S1P has been noted to have multiple roles, including regulation of inflammation through lymphocyte trafficking, both pro- and anti-apoptotic functions, and regulation of vascular integrity and angiogenesis.⁴⁴

S1P is usually found in high concentrations in the blood and lymph, primarily in erythrocytes and endothelial cells.⁴⁴ Erythrocytes lack S1P degrading enzymes, leading to high S1P concentrations, and erythrocytes and endothelial cells both express specific S1P transporters, also contributing to the high circulating S1P concentration.^{45, 46} Conversely, S1P concentrations are low in intracellular and interstitial compartments creating an S1P gradient that is crucial for immune cell trafficking.⁴⁴ Briefly, S1PR1 is highly sensitive to S1P, and the receptor is internalized rapidly in circulating lymphocytes in the high-S1P environment in plasma. The internalized S1PR1 is crucial for circulating lymphocytes to enter secondary lymphoid organs against the S1P gradient. In the low-S1P environment of secondary lymphoid organs, the receptor is gradually re-expressed on the cell surface, allowing the lymphocytes to egress secondary lymphoid organs with the S1P gradient.⁴⁴ In inflammatory responses, naïve lymphocytes are presented antigens in secondary lymphoid organs, and then these activated lymphocytes must exit the lymphoid organs to carry out their immune function.⁴⁴

Multiple studies have investigated the role of S1P in trafficking lymphocytes in and out of lymphoid organs.⁴⁴ In one study, knockout mice with hematopoietic cells deficient in S1PR1 had a decreased concentration of circulating lymphocytes, but high concentrations of lymphocytes within the thymus.⁴⁷ Furthermore, when these S1PR1-deficient lymphocytes were transferred into wildtype mice, the lymphocytes were able to enter but not exit secondary lymphoid organs.⁴⁷ Together, this suggests that S1P-S1PR1 signaling is required for egress of lymphocytes from lymphoid organs but is not a requirement for entry into the lymphoid organs.

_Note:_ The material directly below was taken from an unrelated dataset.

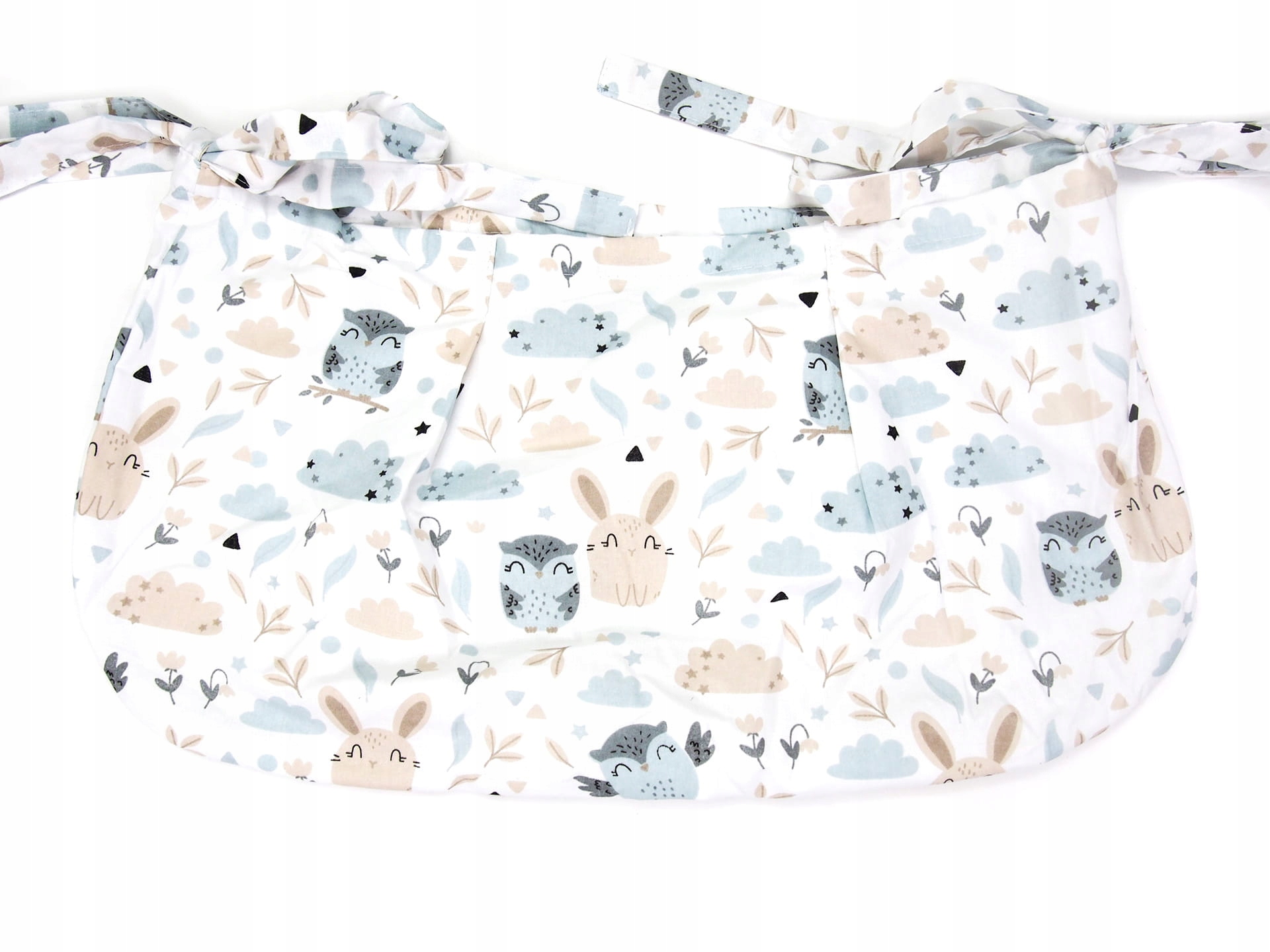 Практическая сумка для кроватки или коляски. Отныне поддерживать порядок будет проще. В вместительной сумке можно разместить косметику, подгузники, игрушки и все необходимые вещи. Сумка двухслойная, красочная снаружи и подкладка из белой ткани внутри. Сумка изготовлена из 100% хлопка. Материал очень хорошего качества. Пошив точный. Сумка крепится пришитыми ремнями. Ремни изготовлены из того же материала, что и сумка.

Regarding the roles of S1P in apoptosis, in a cell culture model of human embryonic kidney cells (HEK 293) and human fibroblasts, overexpression of the enzyme sphingosine kinase (SphK), which phosphorylates sphingosine into S1P, was shown to promote cell survival.⁴⁸ Further studies in various cells lines, including HEK 293 and human fibroblasts comparing the two isoforms of SphK found that upregulation of intranuclear SphK2 inhibited DNA synthesis and promoted apoptosis, whereas upregulation of cytosolic SphK1 promoted cell survival and growth, suggesting two S1P phenotypes, one pro-apoptotic and one anti-apoptotic.^{49, 50}

Finally, S1P is an important regulator of vascular integrity and normal angiogenesis. Vascular permeability is facilitated by the loosening of tight junctions between vascular endothelial cells in response to inflammatory mediators like leukotrienes and histamine, allowing plasma proteins, complement, and leukocytes to leak from blood vessels into the target tissues.⁴⁴ Mice selectively deficient for plasma S1P (through deletion of both SphK1 and SphK2) had increased vascular leakage compared to control mice in a model of anaphylaxis generated by histamine.⁵¹ In another study, knockout mice deficient in ApoM, a key plasma S1P transport protein, also had increased vascular leakage compared to control mice.⁵² Additionally, when knockout mice were given ApoM/S1P or an S1PR1 agonist (to simulate the effects of S1P on its receptor), levels of vascular leakage returned to levels similar to control mice.⁵² These studies suggest that decreased plasma S1P and S1PR1 activation increase vascular permeability. Furthermore, S1P signaling may serve as a checkpoint for vascular integrity to limit an exaggerated response to pro-inflammatory molecules.

Finally, S1P promotes vascular integrity and maturation of vessels. In a mouse model, S1PR1 deficient mice had increased embryonic hemorrhage compared to normal mice.⁵³ Notably, these mice had normal vasculogenesis but had incomplete maturation of these vessels.⁵³ When S1PR1 deficiency was limited to endothelial cells, these mice still had incomplete vascular maturation.⁵⁴ Finally, mice unable to produce S1P (induced by SphK1 and SphK2 deletion), also demonstrated incomplete maturation of vessels.⁵⁵ Together, these studies confirm an important role in the S1P-S1PR1 axis in the regulation of vascular maturation in an endothelial-cell-dependent manner.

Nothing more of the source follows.